Hazelcast today released the first version of Hazelcast Jet, a distributed processing engine for Big Data streams. Jet integrates with the Hazelcast in-memory data grid to process data in parallel across nodes in near real time.
Hazelcast Jet uses directed acyclic graphs to model relationships between tasks in the data-processing pipeline. The system is built on one-record-per-time architecture, which allows Jet to process data immediately, rather than in batches.
(Related: Apache Beam goes top level)
For users with high-volume data streams, Jet ingests information via socket, file, HDFS or Kafka. Once inside, developers can take advantage of event-based architecture to process that information as it’s needed through a high level Java API.

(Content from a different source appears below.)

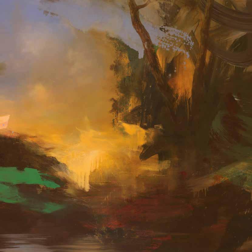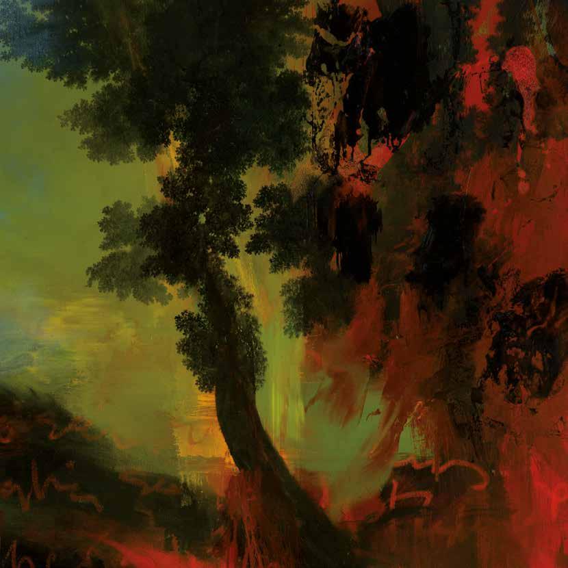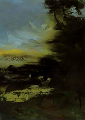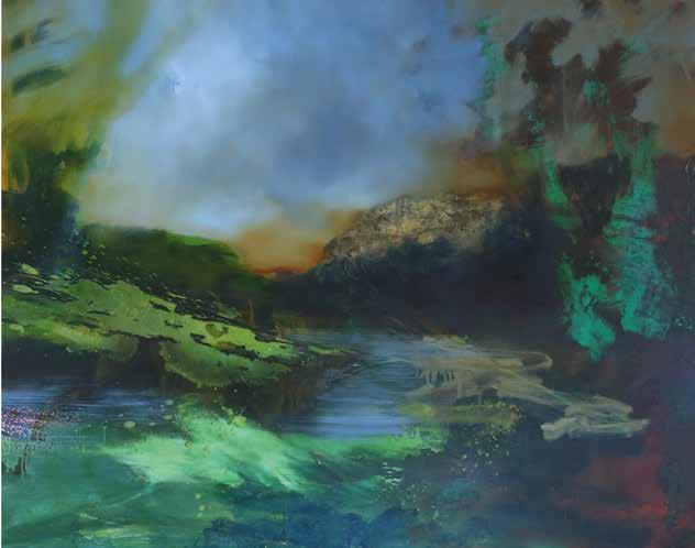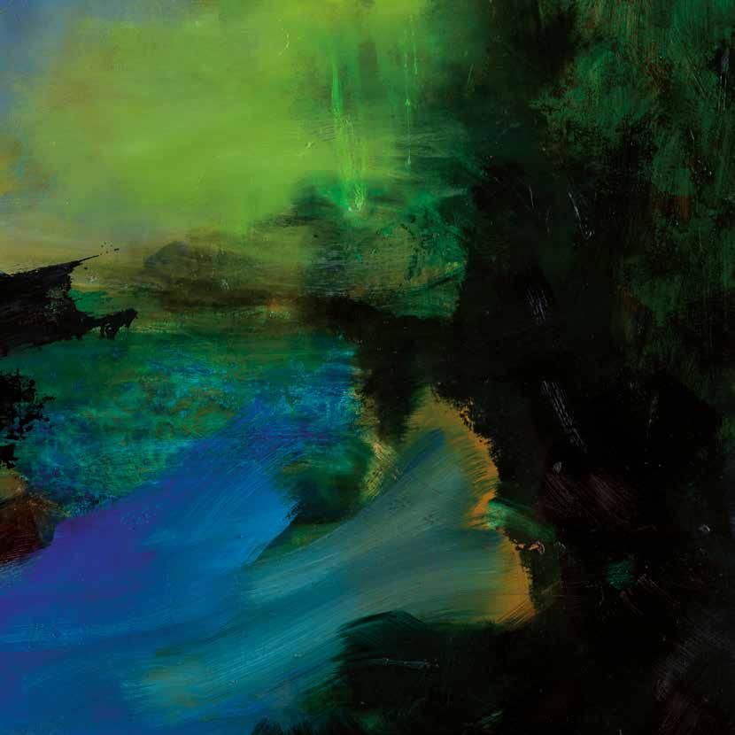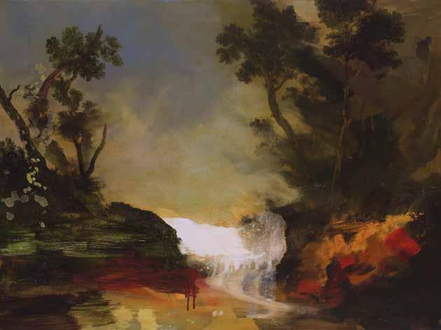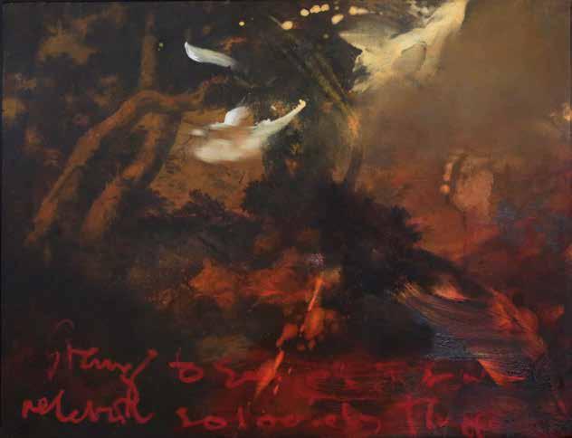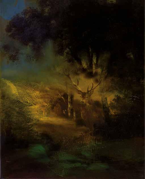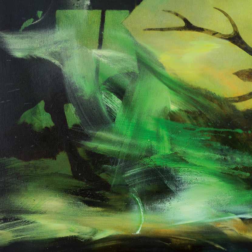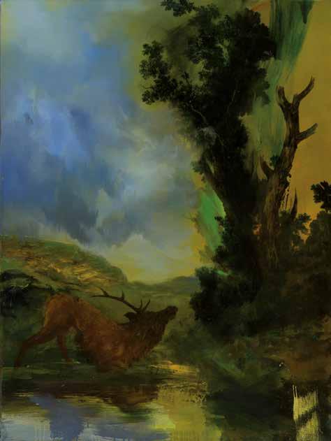 in the forest and in an instant it’s gone, like a phantom. My paintings are also about how images combine in the mind. I might be staring at the sea, but thinking about my mother. The physicality of paint embodies these ideas, painting can become an emblem of thought and memory as figurative elements disappear and reappear until they hold meaning. It’s one thing if the stag is running from a hunter, or a forest-fire or a loud noise, but now when nature itself is on the run, this is fear of another order, the stag is running, but the air and trees and snow are also running.’

Greg Luck, CEO of Hazelcast, said, “Hazelcast Jet is a super-fast, low-latency, next-generation DAG Engine for Big Data processing. We believe that the Hadoop and Spark ecosystems are too complex to program and to deploy, and have set out to bring Hazelcast’s legendary simplicity to Big Data. We have designed it as a general-purpose engine for the intersect of Big Data programmers and Java programmers. But if you are already a Hazelcast user or have data in Hazelcast, it will be the easiest way to solve your Big Data problems.”
Hazelcast Jet can be embedded into existing applications to provide an end-to-end stream-processing workflow. The system also includes a more low-level core API for maximizing flexibility and allowing direct manipulation of the data readers.